▶ Your instructions
Beneath this instruction is a listing. Transcribe from it only the stretch from the line with "曹操这个英雄在这个赛季中因为" through the line with "Notă: Dacă descărcați", both end lines included, exactly as written.

▶ Records shown

*-*-*

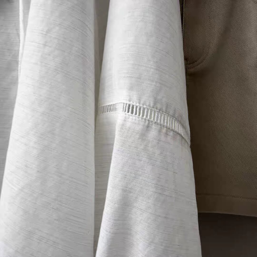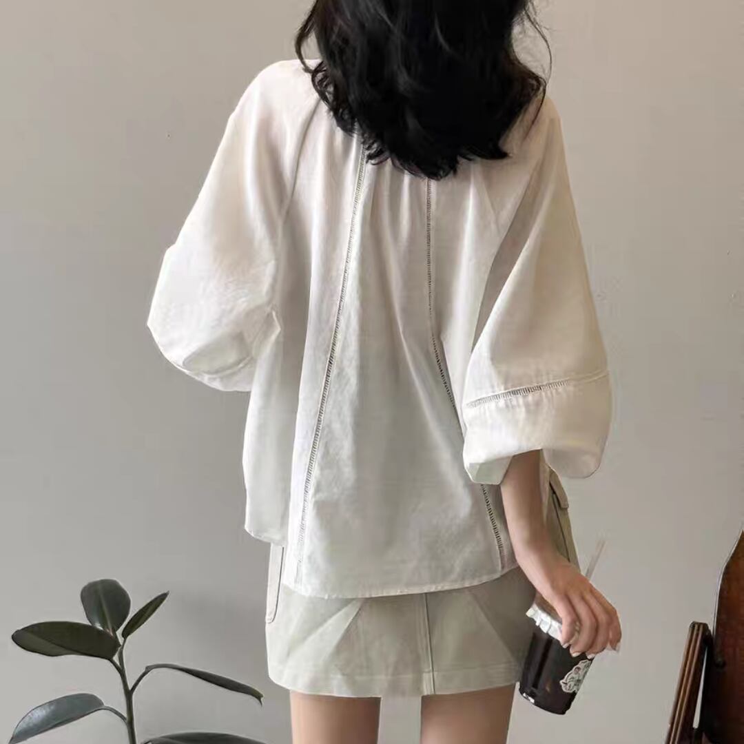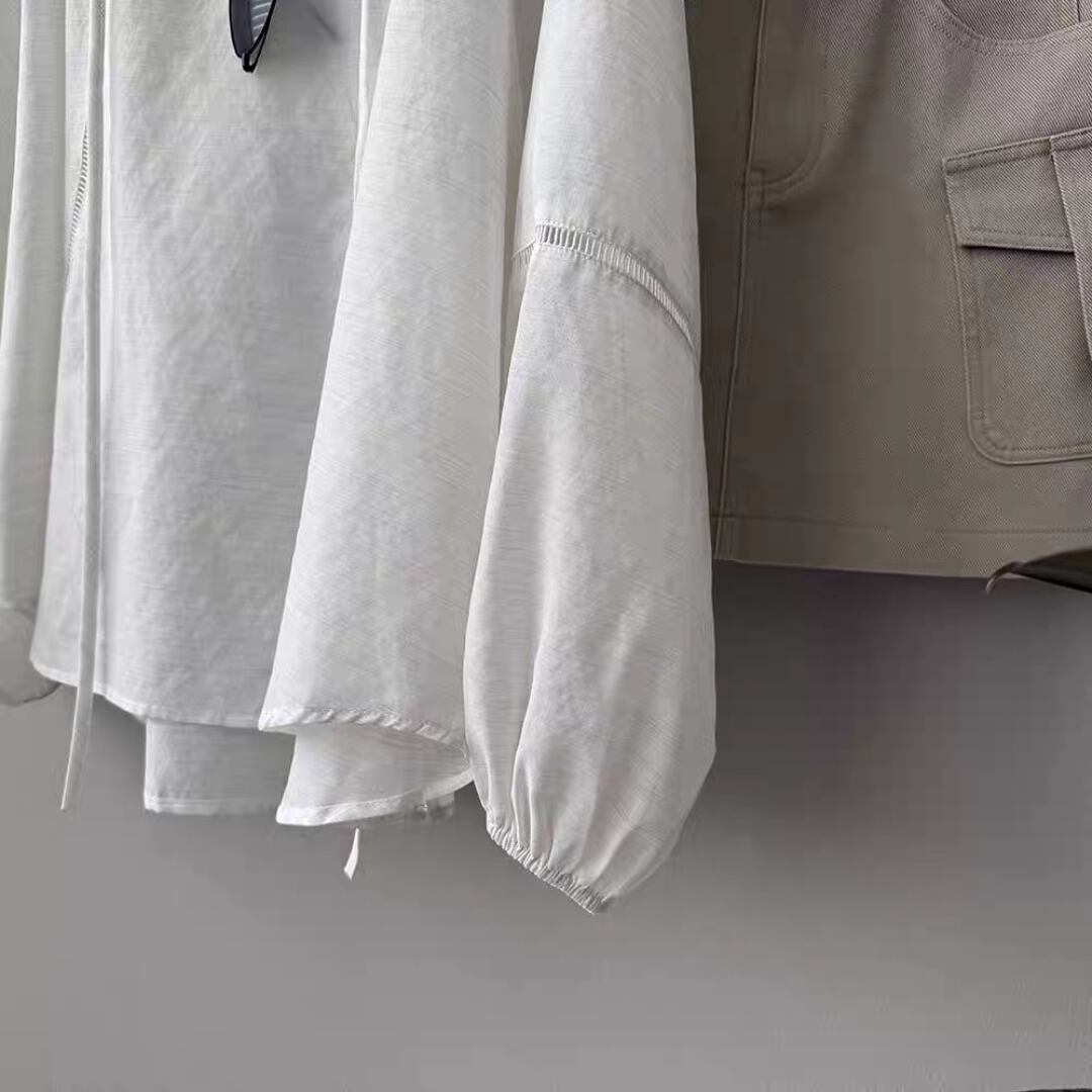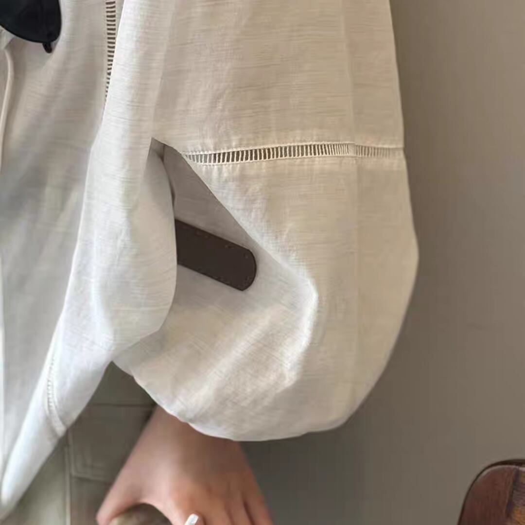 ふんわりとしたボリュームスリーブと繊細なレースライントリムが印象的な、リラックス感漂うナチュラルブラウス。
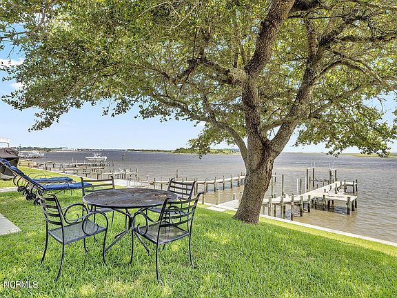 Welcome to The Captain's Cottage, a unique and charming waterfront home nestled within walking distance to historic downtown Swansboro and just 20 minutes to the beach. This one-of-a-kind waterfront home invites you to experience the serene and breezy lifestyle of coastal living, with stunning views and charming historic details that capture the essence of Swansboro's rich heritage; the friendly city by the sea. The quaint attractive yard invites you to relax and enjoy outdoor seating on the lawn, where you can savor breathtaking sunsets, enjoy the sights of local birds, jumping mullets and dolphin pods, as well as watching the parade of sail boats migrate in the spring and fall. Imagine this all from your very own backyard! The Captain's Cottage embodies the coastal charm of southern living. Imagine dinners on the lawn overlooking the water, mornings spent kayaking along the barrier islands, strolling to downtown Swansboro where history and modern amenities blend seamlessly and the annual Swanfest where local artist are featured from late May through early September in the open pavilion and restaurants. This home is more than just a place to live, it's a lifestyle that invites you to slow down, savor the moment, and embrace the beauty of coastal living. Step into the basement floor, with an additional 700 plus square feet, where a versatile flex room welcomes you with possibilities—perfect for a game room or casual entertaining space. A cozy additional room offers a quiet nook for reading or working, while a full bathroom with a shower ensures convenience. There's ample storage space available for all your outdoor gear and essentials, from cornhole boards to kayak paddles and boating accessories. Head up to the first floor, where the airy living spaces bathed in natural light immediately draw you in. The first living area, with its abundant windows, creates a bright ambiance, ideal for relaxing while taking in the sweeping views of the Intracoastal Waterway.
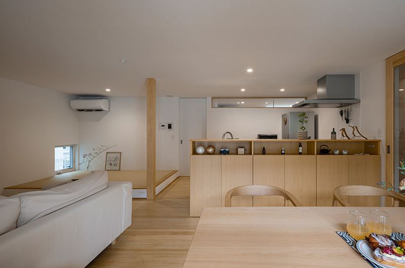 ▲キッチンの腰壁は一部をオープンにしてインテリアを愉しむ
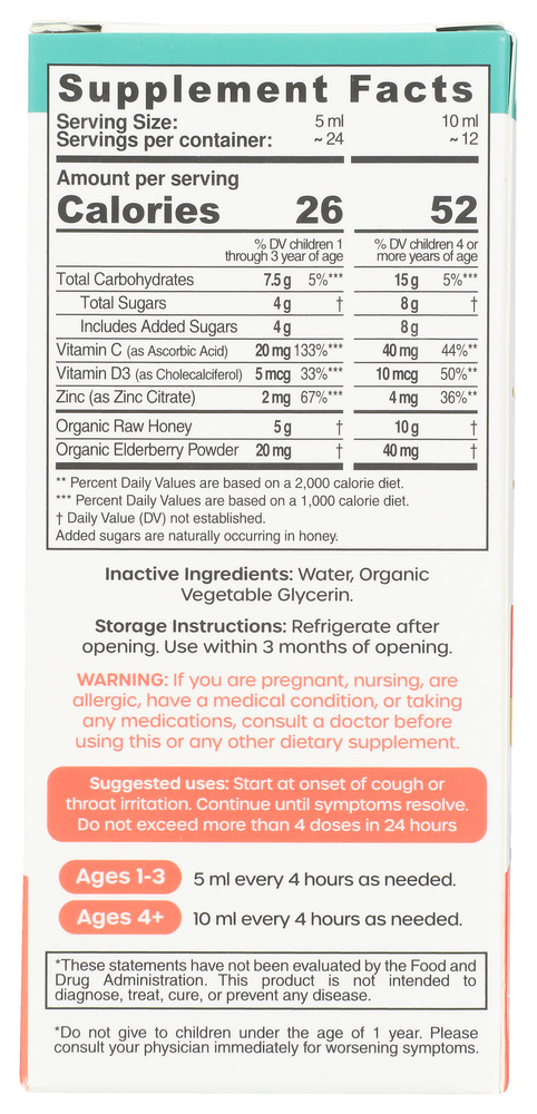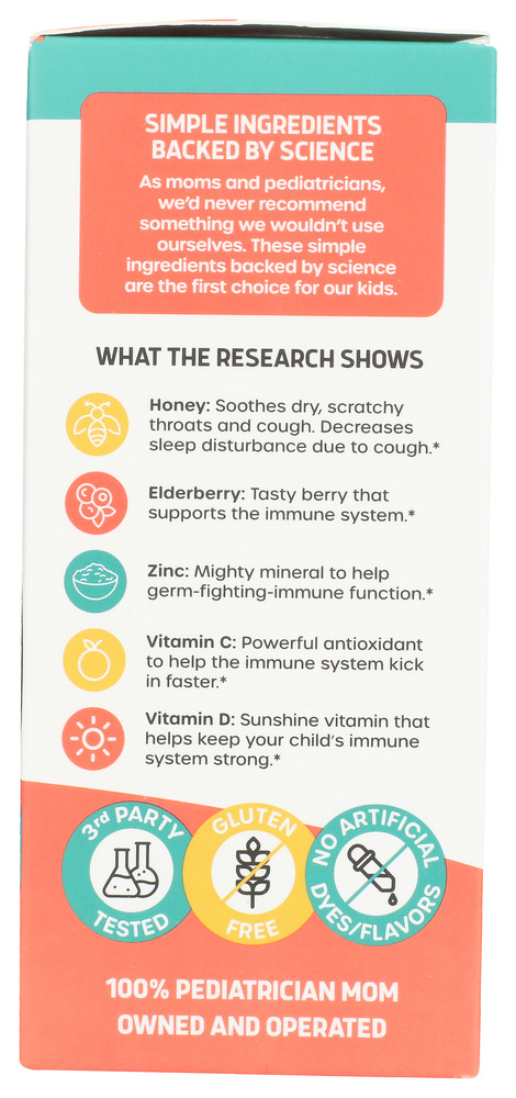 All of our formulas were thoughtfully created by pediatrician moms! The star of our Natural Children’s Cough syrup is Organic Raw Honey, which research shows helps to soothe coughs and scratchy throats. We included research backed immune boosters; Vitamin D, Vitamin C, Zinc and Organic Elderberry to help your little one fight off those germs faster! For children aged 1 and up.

*-*-*

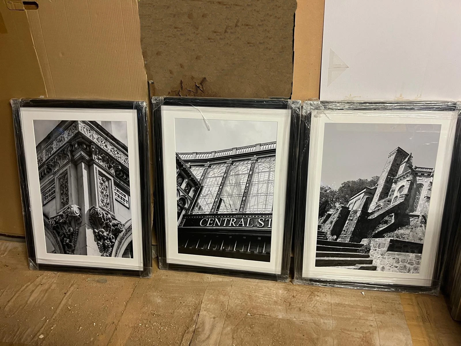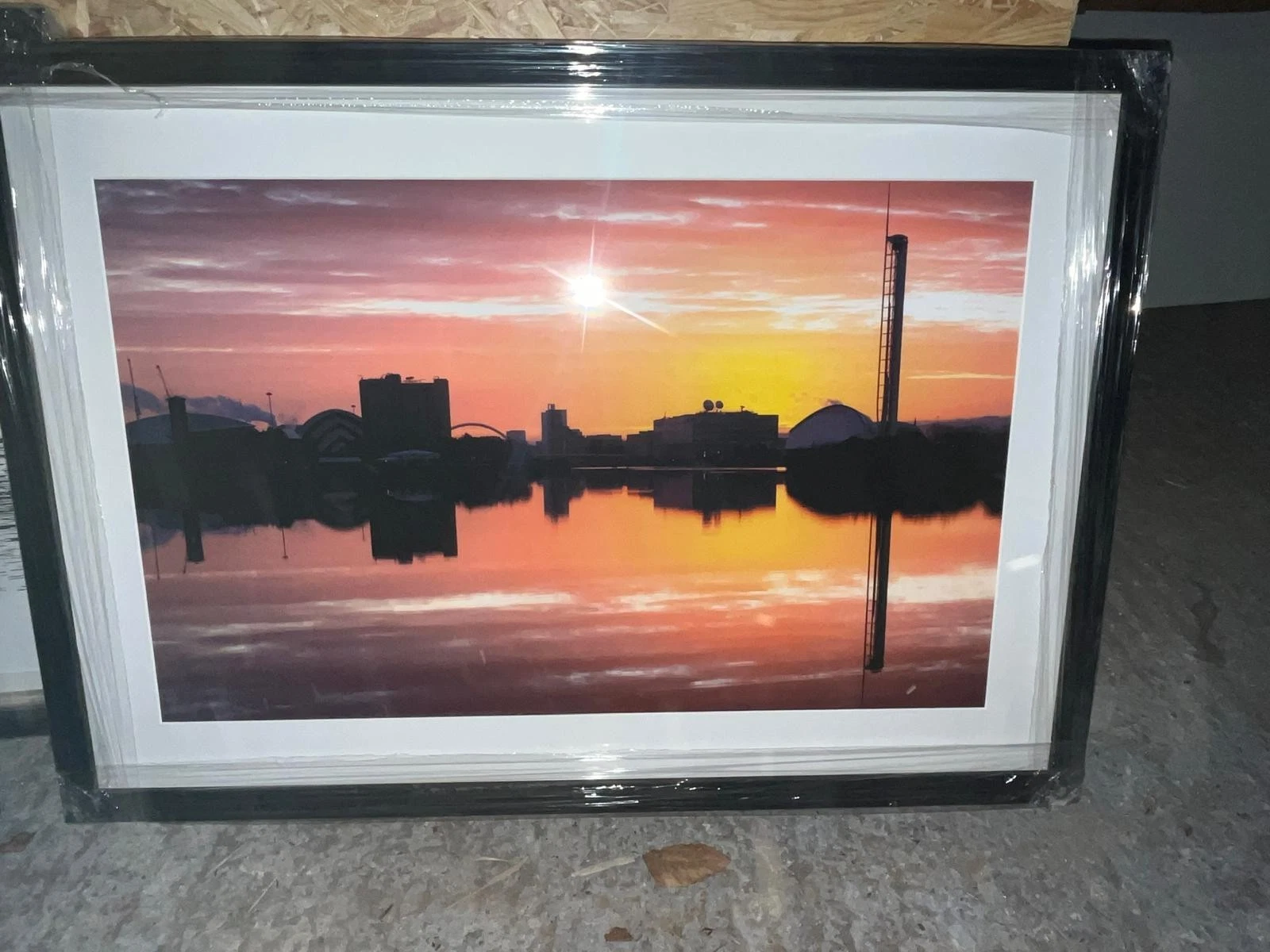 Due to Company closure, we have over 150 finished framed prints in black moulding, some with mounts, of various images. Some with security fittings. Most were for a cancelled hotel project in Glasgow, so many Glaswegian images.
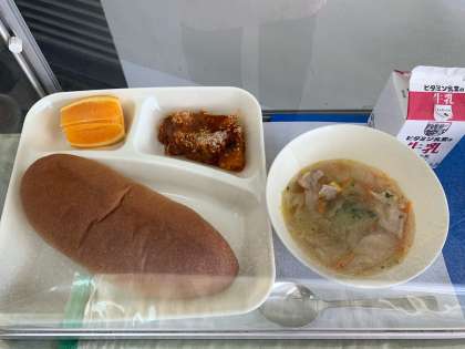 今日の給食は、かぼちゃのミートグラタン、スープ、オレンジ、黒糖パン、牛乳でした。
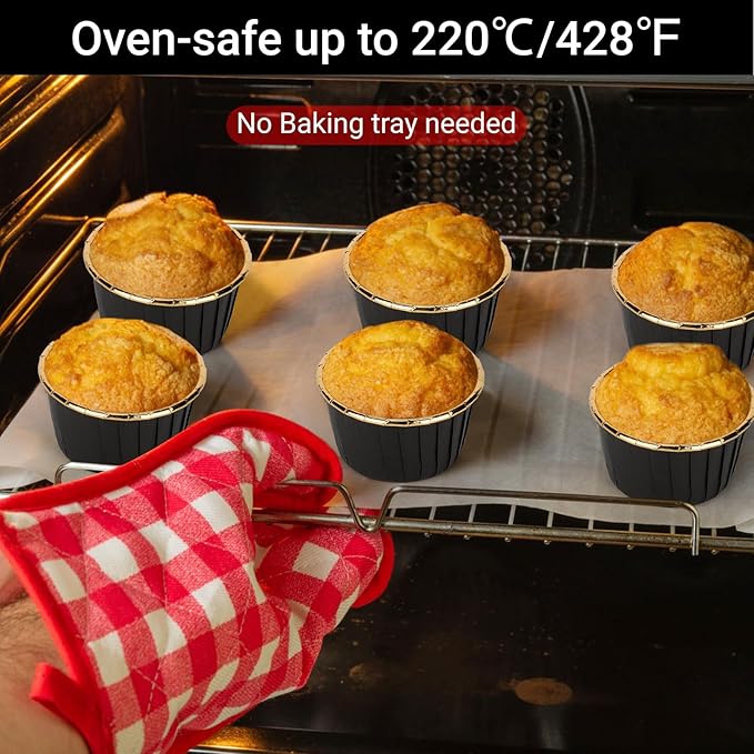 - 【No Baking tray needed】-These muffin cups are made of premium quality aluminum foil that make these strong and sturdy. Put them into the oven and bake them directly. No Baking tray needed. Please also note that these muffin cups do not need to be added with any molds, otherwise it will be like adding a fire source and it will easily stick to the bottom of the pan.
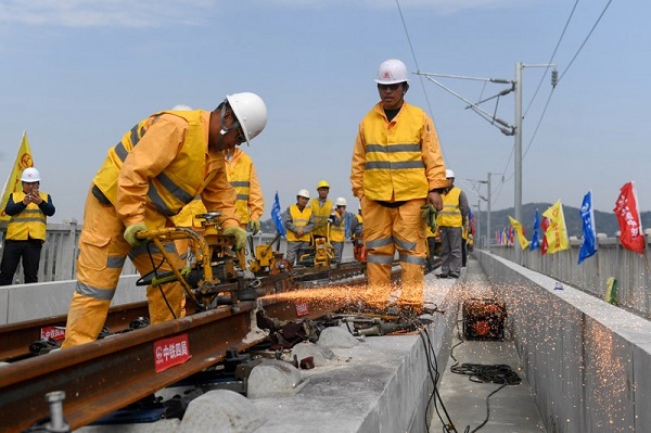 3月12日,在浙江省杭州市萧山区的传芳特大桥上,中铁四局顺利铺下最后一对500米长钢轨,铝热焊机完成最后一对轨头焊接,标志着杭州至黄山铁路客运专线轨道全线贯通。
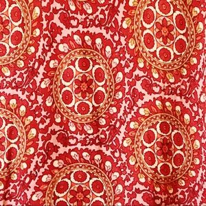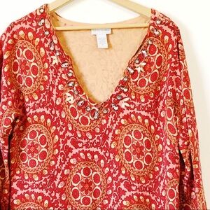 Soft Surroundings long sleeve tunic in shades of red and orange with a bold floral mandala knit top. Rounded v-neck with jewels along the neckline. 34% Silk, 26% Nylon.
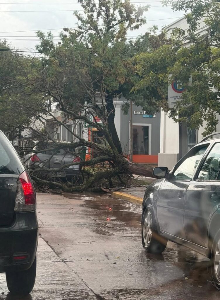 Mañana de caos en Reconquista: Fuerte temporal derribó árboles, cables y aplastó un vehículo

*-*-*

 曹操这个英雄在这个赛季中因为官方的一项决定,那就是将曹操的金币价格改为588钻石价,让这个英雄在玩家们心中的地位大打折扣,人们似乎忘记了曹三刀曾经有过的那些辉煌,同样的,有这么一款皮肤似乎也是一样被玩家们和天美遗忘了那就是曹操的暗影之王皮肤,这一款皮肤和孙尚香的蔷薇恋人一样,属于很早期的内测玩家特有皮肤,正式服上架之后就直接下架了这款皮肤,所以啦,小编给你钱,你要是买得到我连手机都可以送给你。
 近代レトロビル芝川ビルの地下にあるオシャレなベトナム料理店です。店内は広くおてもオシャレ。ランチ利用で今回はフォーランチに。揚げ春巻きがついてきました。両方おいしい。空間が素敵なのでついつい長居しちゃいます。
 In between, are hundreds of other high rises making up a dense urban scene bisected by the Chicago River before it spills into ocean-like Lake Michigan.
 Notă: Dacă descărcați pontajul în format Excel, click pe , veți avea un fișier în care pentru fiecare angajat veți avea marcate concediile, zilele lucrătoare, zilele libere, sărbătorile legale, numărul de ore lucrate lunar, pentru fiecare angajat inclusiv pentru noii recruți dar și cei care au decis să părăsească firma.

*-*-*

▶ Your response
 曹操这个英雄在这个赛季中因为官方的一项决定,那就是将曹操的金币价格改为588钻石价,让这个英雄在玩家们心中的地位大打折扣,人们似乎忘记了曹三刀曾经有过的那些辉煌,同样的,有这么一款皮肤似乎也是一样被玩家们和天美遗忘了那就是曹操的暗影之王皮肤,这一款皮肤和孙尚香的蔷薇恋人一样,属于很早期的内测玩家特有皮肤,正式服上架之后就直接下架了这款皮肤,所以啦,小编给你钱,你要是买得到我连手机都可以送给你。
 近代レトロビル芝川ビルの地下にあるオシャレなベトナム料理店です。店内は広くおてもオシャレ。ランチ利用で今回はフォーランチに。揚げ春巻きがついてきました。両方おいしい。空間が素敵なのでついつい長居しちゃいます。
 In between, are hundreds of other high rises making up a dense urban scene bisected by the Chicago River before it spills into ocean-like Lake Michigan.
 Notă: Dacă descărcați pontajul în format Excel, click pe , veți avea un fișier în care pentru fiecare angajat veți avea marcate concediile, zilele lucrătoare, zilele libere, sărbătorile legale, numărul de ore lucrate lunar, pentru fiecare angajat inclusiv pentru noii recruți dar și cei care au decis să părăsească firma.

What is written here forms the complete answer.